Magia Sexualis, by Hugh B. Urban (2006)
p. 32 "The fears of religious heresy dangerously combined with sexual licentiousness were to recur through out the history of Western Christianity, from the time of the Gnostics down to out generation and our own obsessions with Satanic child abuse and devil-worshipping teenagers, but they would reach a particularly intense new height during the high and late Middle Age, from roughly the twelfth to the fifteen centuries.
Malcolm D. Lambert The Cathars (Peoples of Europe) 1st Edition (1998) amazon.com
p. 33
"...the great irony of these accusations is that again, much like the Gnostics, these groups tended on the whole to be anything but hedonistic or sexually indulgent; on the contrary, they were generally highly ascetic and even antisexual. ... held a strongly dualistic worldview that identified the material world and the body with the forces of darkness, condemning marriage and sex as unclean relations. ...condemned marriage, sexual intercourse, and procreation of children, which only perpetuate existence in this suffering physical realm. Rejecting the authority of the Catholic Church as a corrupt and self-serving institution, the Cathars quickly drew a large following from a wide array of groups that had become disaffected with "the world, with its social organization (feudal society) and with its guide, the Church of Rome."
I had read once a book written by a guy who had traveled to Montségur, the final strong hold and martyrdom site of the Medieval Cathars. He asked one woman, "How many of the people here were Cathars?"
She replied, "We all were, and we still are."
Speaking of the Cathars and the related Bogomils
p. 34 "Perhaps the primary reason for the intense persecution of the Cathars, Bogomils, and other groups was simply that they represented a forceful and popular challenge to the existing structure of power. ...according to Cathar belief, human beings can become perfect and free themselves from the bonds of the material world by their own rational choice and free will, without need for external political or religious authority: "Capable of rational control, they can purify themselves of natter and again become perfect. Do they then need control by outside authorities?" Second and more important, however, the Cathars also subverted existing gender roles: a teaching common to virtually all Cathar texts is the condemnation of marriage and procreation. A woman's role as wife and mother has no value, since giving birth and nurturing children only perpetuates the evil of existence in the body. ... Both sexes could become perfects, preach and administer the sacrament."

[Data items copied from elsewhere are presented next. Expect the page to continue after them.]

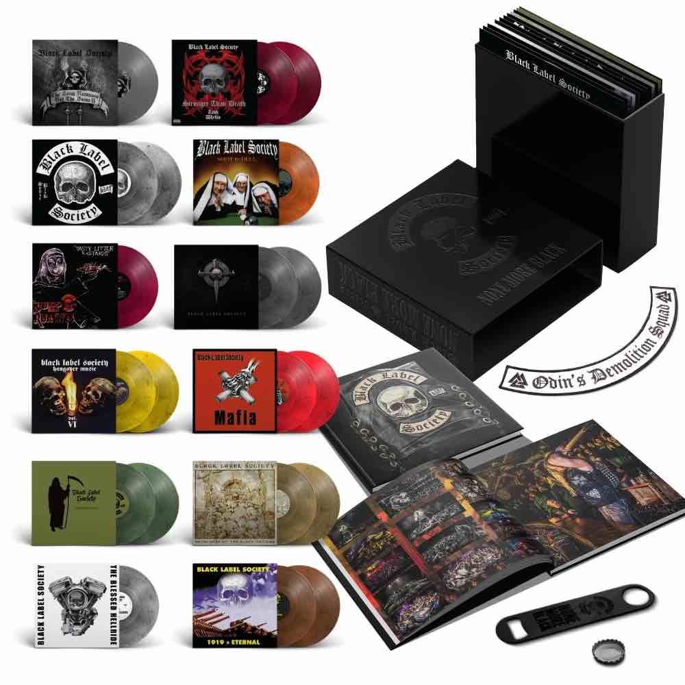 Zakk Wylde and the Black Label Society released a box set today, that includes all twelve studio recordings on color vinyl. Also included is a 32 pages photo book, patch and bottle opener. all wrapped in into black on black collection box.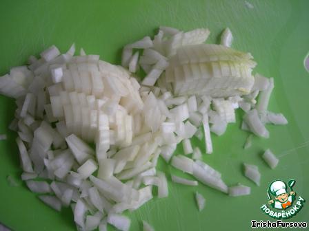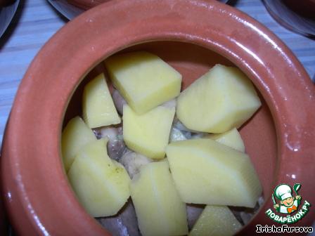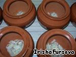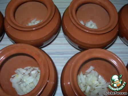 Теперь начинаем сборку! На дно каждого горшочка я налила чуть-чуть растительного масла. Кладем лучок!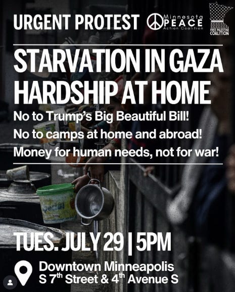 Minnesota-area anti-Israel groups are holding a protest titled “Starvation in Gaza, hardship at home” on July 29 outside the offices of Sen. Amy Klobuchar.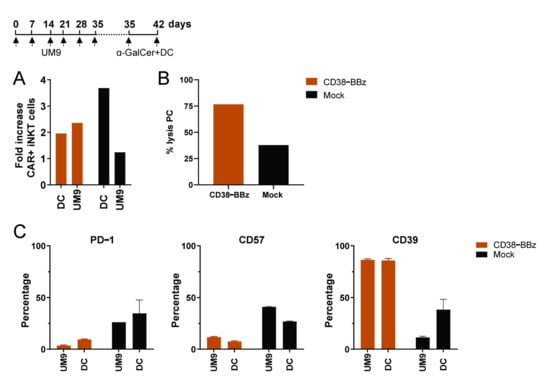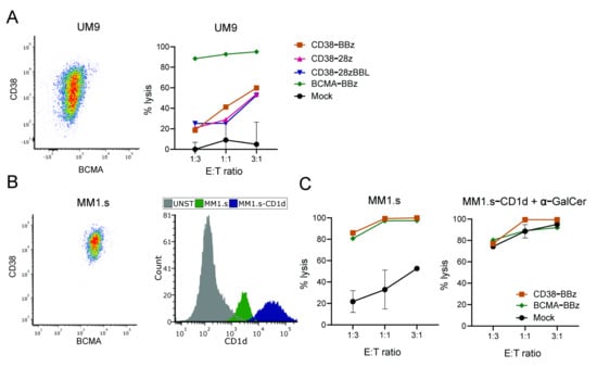 Poels, R.; Drent, E.; Lameris, R.; Katsarou, A.; Themeli, M.; van der Vliet, H.J.; de Gruijl, T.D.; van de Donk, N.W.C.J.; Mutis, T. Preclinical Evaluation of Invariant Natural Killer T Cells Modified with CD38 or BCMA Chimeric Antigen Receptors for Multiple Myeloma. Int. J. Mol. Sci. 2021, 22, 1096. https://doi.org/10.3390/ijms22031096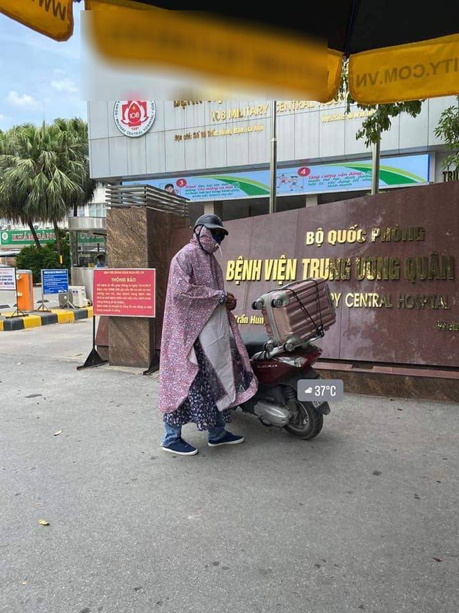 Dù thời tiết thủ đô đang chạm ngưỡng hơn 40 độ, nắng cháy da cháy thịt nhưng anh vẫn không ngại mặc một chiếc áo mưa dày, đứng đợi vợ ngoài cổng.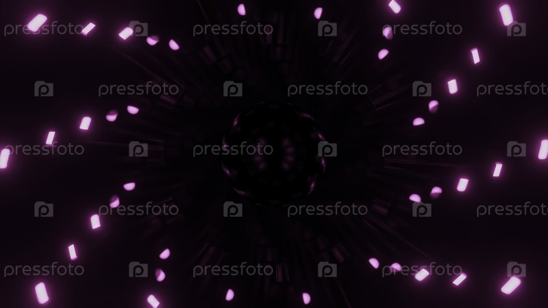 Светящиеся точки вращаются в спирали на темном фоне. Дизайн. Технологическая спираль с вращающимися неоновыми точками во тьме. Неонные фонари движутся в спиралах во тьме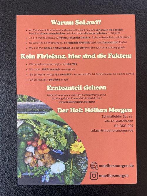 Heute möchten wir auf eine ganz tolle Sache aufmerksam machen: Ab Mai beginnt auf dem Möller Hof in Lentförden die Solidarische Landwirtschaft. Die beiden Möller-Brüder haben den Hof ihrer Eltern übernommen, die aber noch tatkräftig unterstützen und wandeln ihn von einem Viehbetrieb in einen veganen Agrarbetrieb um. Jede Woche erhält man eine Gemüsekiste mit frischem Gemüse. Wir finden das ganz großartig. Alle Infos gibt es hier: moellersmorgen.de/solawi. #moellersmorgen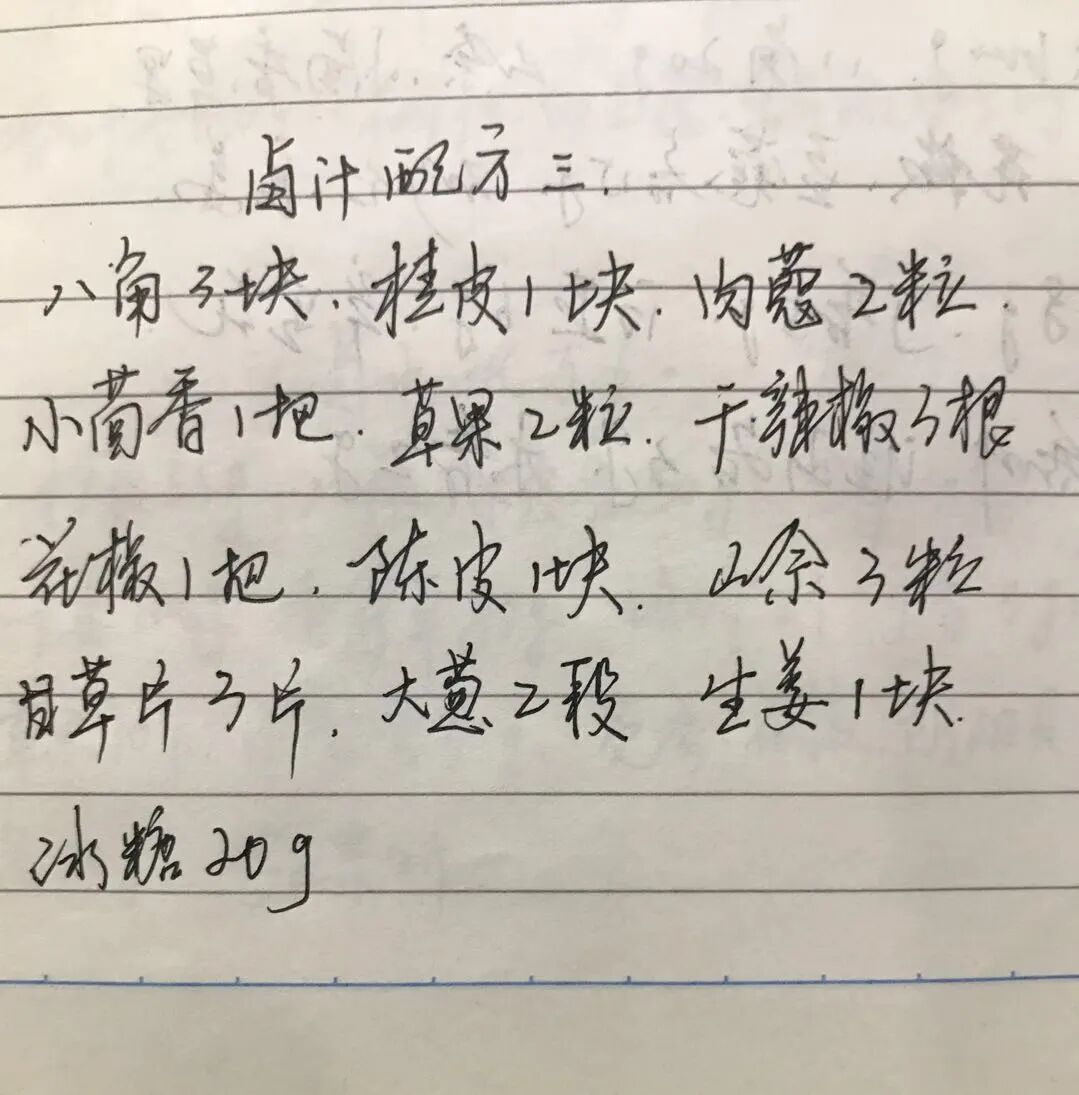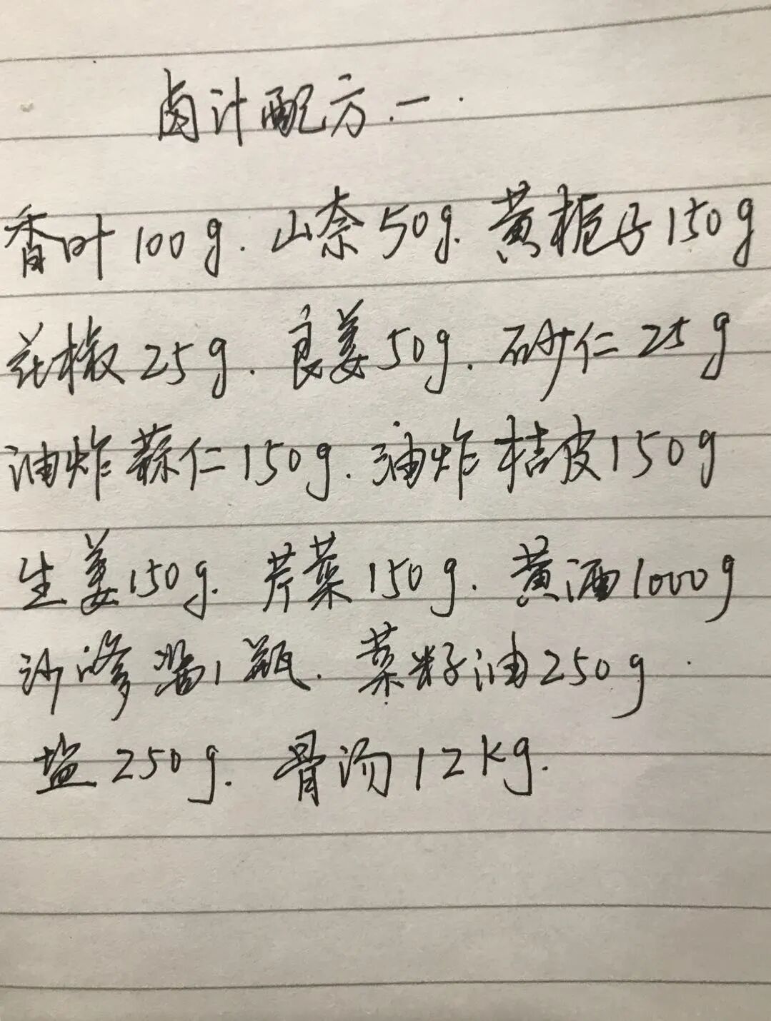 卤菜当作一道传统手艺,通常卤菜世家均绝不会把卤水配方外传的,不过这个李师傅说,这是出自自家的卤菜方子。配方非常齐备的,朋友们谁需要免费公开了,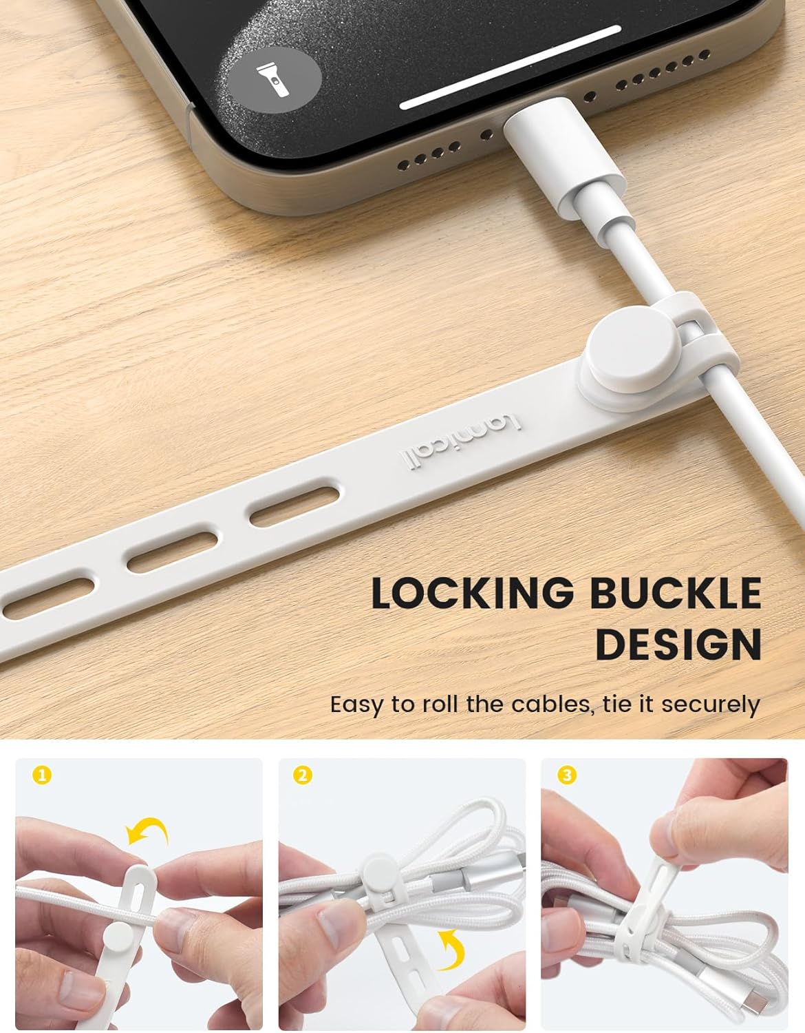 10Pack Silicone Cable Ties Cord Organizer - Lamicall Elastic Wire Ties Management, Travel Must Haves, Halloween Desk Home Office Workspace Accessories, Dorm Room Essentials, White Cable Keeper

"...the primary reason for the persecution of such groups was that they were attempting -- not unlike the early Christians under the Roman Empire -- to liberate themselves from the existing social structure by means of an alternative sexual politics. Yet ironically, they were refracted through the lens of the dominant religious and political order, the charge brought against them was precisely that of sexual liberation in the sense of illicit, immoral sexual relations."